Using SLURM in the DCMB Virtual Classroom - Job Management
Contents |
Job Management
If you've already gotten started with simple jobs, and the srun and sbatch commands. You may now want to move on to the basics of multiple jobs and job management. To do so you need to learn several further commands to interact with the SLURM (Simple Linux Utility for Resource Management) workload manager.
Meet the Queue
As a user, your core concern with the operation of SLURM will be the queue. The acronym SLURM when deconstructed specifically references resource management. You request resources from SLURM, now or in the future, and SLURM will assign them if available or hold, queue, your job until the resources are available. As there is no guarantee of immediacy the typical use of a system like SLURM is to prepare a script or program to run in batch, without interactivity. The combination of resources and the script or program being run is collectively referred to as a job, and typically using a SLURM system is a matter of submitting and managing jobs and surveying and monitoring the queue.
Example 1: List the queue
jdpoisso@dcmb-classroom-5:~$ squeue
JOBID PARTITION NAME USER ST TIME NODES NODELIST(REASON)
109 batch y-crunch cmbtest R 3:32 1 classroom-server
110 batch stress-n jdpoisso R 3:29 1 classroom-server
111 batch stress-n jdpoisso R 3:26 1 classroom-server
112 batch stress-n jdpoisso R 3:26 1 classroom-server
113 batch stress-n jdpoisso R 3:26 1 classroom-server
jdpoisso@dcmb-classroom-5:~$
The simple way to view the contents of the SLURM queue is with the squeue command. The squeue command with no arguments will output the entire contents of the SLURM queue.
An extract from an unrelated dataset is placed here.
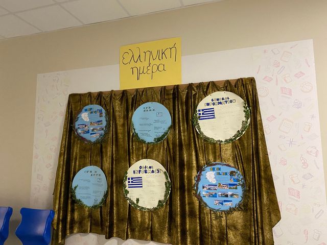 Aby poczuć w szkole choć odrobinę „greckości” ubraliśmy się tego dnia w barwy greckiej flagi – na niebiesko-biało i założyliśmy wieńce laurowe. Przy wejściu do szkoły zawisła grecka flaga. Szkolne korytarze ozdobiliśmy plakatami z informacjami o Grecji. Przedstawiliśmy w ten sposób podstawowe dane na temat geografii, kultury, tradycyjnych potraw i różnych ciekawostek. Zawierały one informacje o kulturze, potrawach i różnych ciekawostkach greckich.

The squeue shows a full list of active and queued job IDs by every user, organized into columns for easy review. In the prior example you see multiple jobs active and running on the system, no jobs are pending.
Example 2: List the queue with with waiting jobs.
jdpoisso@dcmb-classroom-5:~$ squeue
JOBID PARTITION NAME USER ST TIME NODES NODELIST(REASON)
116 batch crunch cmbtest PD 0:00 1 (QOSMaxCpuPerUserLimit)
117 batch crash cmbtest PD 0:00 1 (QOSMaxCpuPerUserLimit)
118 batch bang cmbtest PD 0:00 1 (QOSMaxCpuPerUserLimit)
119 batch smash cmbtest PD 0:00 1 (QOSMaxCpuPerUserLimit)
120 batch ouch cmbtest PD 0:00 1 (QOSMaxCpuPerUserLimit)
130 batch y-crunch jdpoisso PD 0:00 1 (Resources)
131 batch y-crunch jdpoisso PD 0:00 1 (Priority)
132 batch y-crunch jdpoisso PD 0:00 1 (Priority)
133 batch y-crunch jdpoisso PD 0:00 1 (Priority)
115 batch crich cmbtest R 4:16 1 classroom-server
121 batch stress-n jdpoisso R 3:37 1 classroom-server
122 batch stress-n jdpoisso R 3:32 1 classroom-server
125 batch y-crunch jdpoisso R 2:41 1 classroom-server
126 batch y-crunch jdpoisso R 2:38 1 classroom-server
127 batch y-crunch jdpoisso R 0:05 1 classroom-server
128 batch y-crunch jdpoisso R 0:02 1 classroom-server
129 batch y-crunch jdpoisso R 0:02 1 classroom-server
jdpoisso@dcmb-classroom-5:~$
In this example however you see much more activity and several jobs are being held for lack of resources. In the column headed with 'ST' we see some jobs marked 'PD', pending, and we see some jobs marked 'R', running. Where the jobs are marked pending we can see a column 'NODELIST(REASON)' which gives us a reason for its state. The column marked 'USER' shows us that two users, cmbtest and jdpoisso, are currently active and using the system resources.
If you expand on this information from squeue you'll see that only one job from cmbtest is running and the rest report a 'REASON' of (QOSMaxCpuPerUserLimit). This means that granting an additional resource request would put this user over their assigned limit of CPU cores, i.e. the MaxCpuPerUser limit. So all the jobs submitted by cmbtest: 116, 117, 118, 119, 120 (crunch, crash, bang, smash, and ouch) are in the pending state because to grant any of the resource requests of jobs 116, 117, 118, 119, 120 would exceed the user's assigned limits.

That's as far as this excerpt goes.